Ultra-high-temperature strong metal-support interactions in carbon-supported catalysts

Abstract

Strong metal-support interactions (SMSIs), one of the core concepts in the field of catalysis, have a substantial influence on catalytic performance, especially stability. Conventional view holds that only reducible metal-oxide supports could induce a SMSI encapsulation state upon high-temperature treatments. Herein, we demonstrate a high-temperature SMSI between platinum and sulfur-doped carbon (S-C) supports, featuring charge transfer, suppression of H 2 /CO adsorption, and support of encapsulation.

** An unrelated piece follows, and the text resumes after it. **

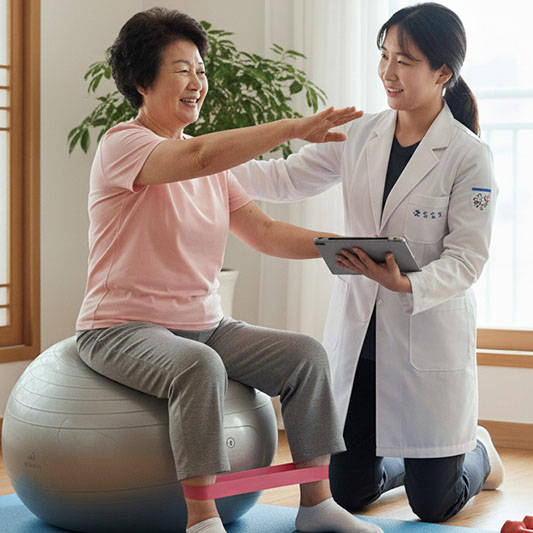 "OOO 물리치료사님 덕분에 뇌졸중으로 인한 마비 증상이 크게 호전되었습니다. 단순히 운동만 시키는 것이 아니라, 제게 맞는 운동법과 생활 습관까지 꼼꼼히 알려주시고, 늘 긍정적인 에너지로 치료에 임해 주셔서 포기하지 않고 재활할 수 있었어요. 이제는 일상생활이 훨씬 편안해졌습니다."

We find that the strong chemical interaction between platinum and sulfur atoms greatly suppresses platinum sintering at moderate temperatures of 300°C–700°C, along with the subsequent formation of SMSI encapsulation structures at high temperatures of 900°C–1,100°C. The high-temperature SMSI endowed the Pt/S-C catalysts with outstanding sintering resistance up to 1,100°C and enhanced electrocatalytic oxygen-reduction reaction (ORR) durability in H 2 –air proton-exchange membrane fuel cells (PEMFCs). • Strong metal-support interactions (SMSIs) have a substantial influence in catalysis • Non-reducible carbon support could also induce SMSI encapsulation • High-temperature SMSI enhances fuel cell durability Yin et al. report that non-reducible carbon support can induce SMSI states featuring electron transfer, suppressed H 2 /CO adsorption, and carbon encapsulation. This is shown to promote electrocatalytic ORR activity and durability in H 2 –air fuel cells.